● **WHAT TO PRODUCE**
Take the entries that follow and return exactly the lines from the one holding "Winx, 2018." through the one holding "the second ever", both included. Nothing else is needed.

● **DATA FOR THIS EXERCISE**
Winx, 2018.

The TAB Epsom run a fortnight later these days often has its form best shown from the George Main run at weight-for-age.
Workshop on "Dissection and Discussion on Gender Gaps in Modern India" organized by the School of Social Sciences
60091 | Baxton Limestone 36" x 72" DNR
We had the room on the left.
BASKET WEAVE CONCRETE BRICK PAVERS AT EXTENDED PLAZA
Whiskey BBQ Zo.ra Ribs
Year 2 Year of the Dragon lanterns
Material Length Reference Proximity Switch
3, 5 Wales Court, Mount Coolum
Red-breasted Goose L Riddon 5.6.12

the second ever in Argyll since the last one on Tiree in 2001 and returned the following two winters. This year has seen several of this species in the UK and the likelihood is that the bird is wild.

...

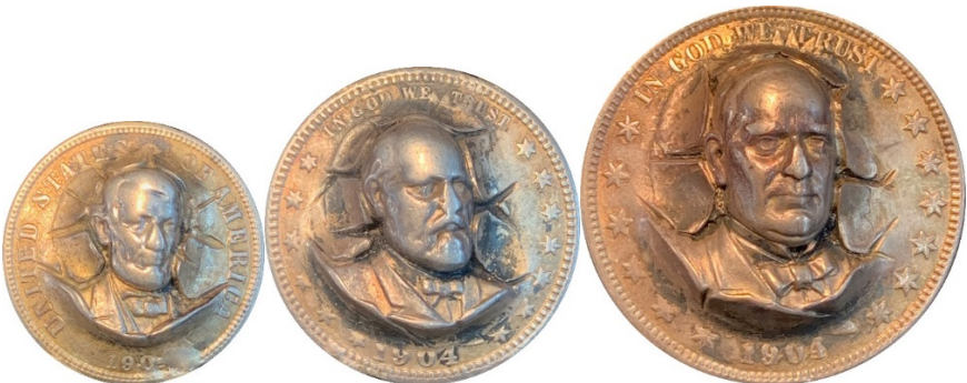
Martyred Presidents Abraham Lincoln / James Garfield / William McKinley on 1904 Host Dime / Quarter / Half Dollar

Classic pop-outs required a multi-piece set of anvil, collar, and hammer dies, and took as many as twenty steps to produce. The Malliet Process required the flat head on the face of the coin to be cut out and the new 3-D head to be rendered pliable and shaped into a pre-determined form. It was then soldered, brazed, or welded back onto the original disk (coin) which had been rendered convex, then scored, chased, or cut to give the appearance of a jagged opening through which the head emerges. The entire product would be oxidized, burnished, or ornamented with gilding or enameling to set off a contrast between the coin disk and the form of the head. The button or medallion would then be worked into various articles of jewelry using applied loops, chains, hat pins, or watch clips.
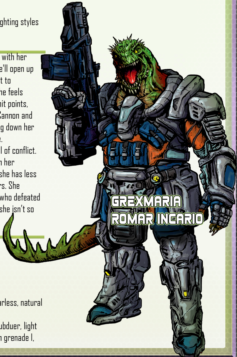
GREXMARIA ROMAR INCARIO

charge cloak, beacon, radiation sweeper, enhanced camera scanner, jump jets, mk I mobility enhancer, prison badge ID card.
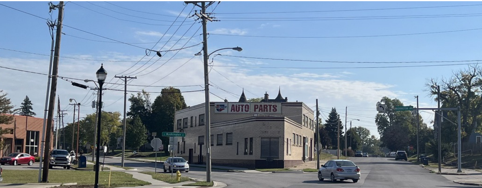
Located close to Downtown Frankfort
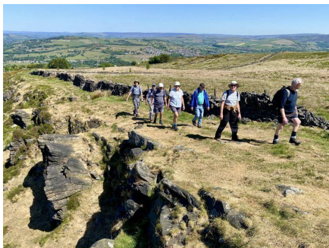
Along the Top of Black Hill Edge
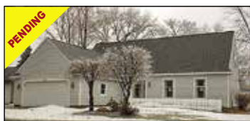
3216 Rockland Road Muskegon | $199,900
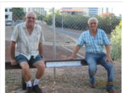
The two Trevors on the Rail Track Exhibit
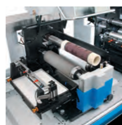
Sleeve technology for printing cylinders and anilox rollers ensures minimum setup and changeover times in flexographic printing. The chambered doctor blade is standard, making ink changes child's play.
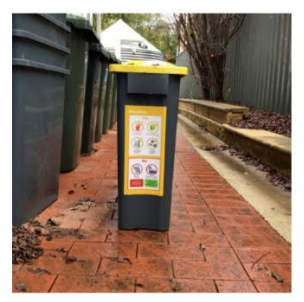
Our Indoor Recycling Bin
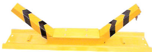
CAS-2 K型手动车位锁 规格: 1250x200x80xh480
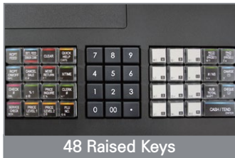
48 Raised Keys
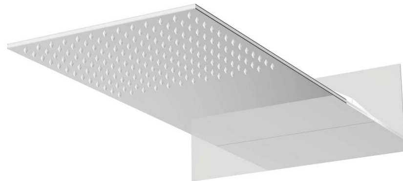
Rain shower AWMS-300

● **WRITTEN ANSWER**
Winx, 2018.

The TAB Epsom run a fortnight later these days often has its form best shown from the George Main run at weight-for-age.
Workshop on "Dissection and Discussion on Gender Gaps in Modern India" organized by the School of Social Sciences
60091 | Baxton Limestone 36" x 72" DNR
We had the room on the left.
BASKET WEAVE CONCRETE BRICK PAVERS AT EXTENDED PLAZA
Whiskey BBQ Zo.ra Ribs
Year 2 Year of the Dragon lanterns
Material Length Reference Proximity Switch
3, 5 Wales Court, Mount Coolum
Red-breasted Goose L Riddon 5.6.12

the second ever in Argyll since the last one on Tiree in 2001 and returned the following two winters. This year has seen several of this species in the UK and the likelihood is that the bird is wild.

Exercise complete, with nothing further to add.